Definition
The weight of an aircraft as delivered from the manufacturer, including the airframe, engines, all permanently installed equipment, unusable fuel, and full operating fluids (such as engine oil and hydraulic fluid). It does not include optional equipment added by the owner, usable fuel, passengers, or baggage.
Plain English
The factory weight of the airplane with everything that came on it from the manufacturer, plus the fluids needed to run it, but with no usable fuel and nothing loaded into it.
Context Anchor
Seen in weight-and-balance discussions when separating the airplane’s built-in weight from the load the pilot adds for a flight.
Derivation
Standard' here means 'as built to the manufacturer's standard configuration.' 'Empty' means without the variable load (fuel, people, baggage).
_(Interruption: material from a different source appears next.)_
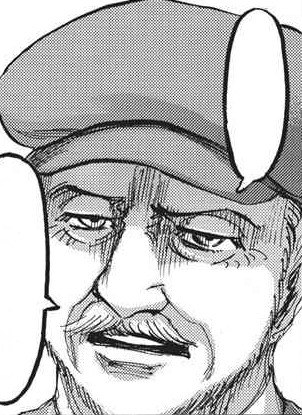 This man is present during the trial of Eren Yeager. When Erwin Smith recommends developing a new route to Wall Maria, this man retorts by saying that they should instead seal off all the gates permanently, as the Colossus Titan has only been able to destroy the gates in the walls.[16]

Together, the phrase points to the baseline weight of a stock airplane before anything is added or loaded.
Why Pilots Care
This baseline weight is required to accurately determine takeoff weight, center of gravity, and performance limits for every flight.
Intuition Check
“Empty” does not mean the airplane contains nothing. In this term, it means no people, baggage, or usable fuel, while certain installed items and required fluids are still counted.
Example Sentence 1
The standard empty weight listed in the manufacturer's specifications was the starting point for calculating the airplane's licensed empty weight after the new avionics were installed.
Example Sentence 2
Adding the weight of the new radios to the standard empty weight gave the basic empty weight for the airplane.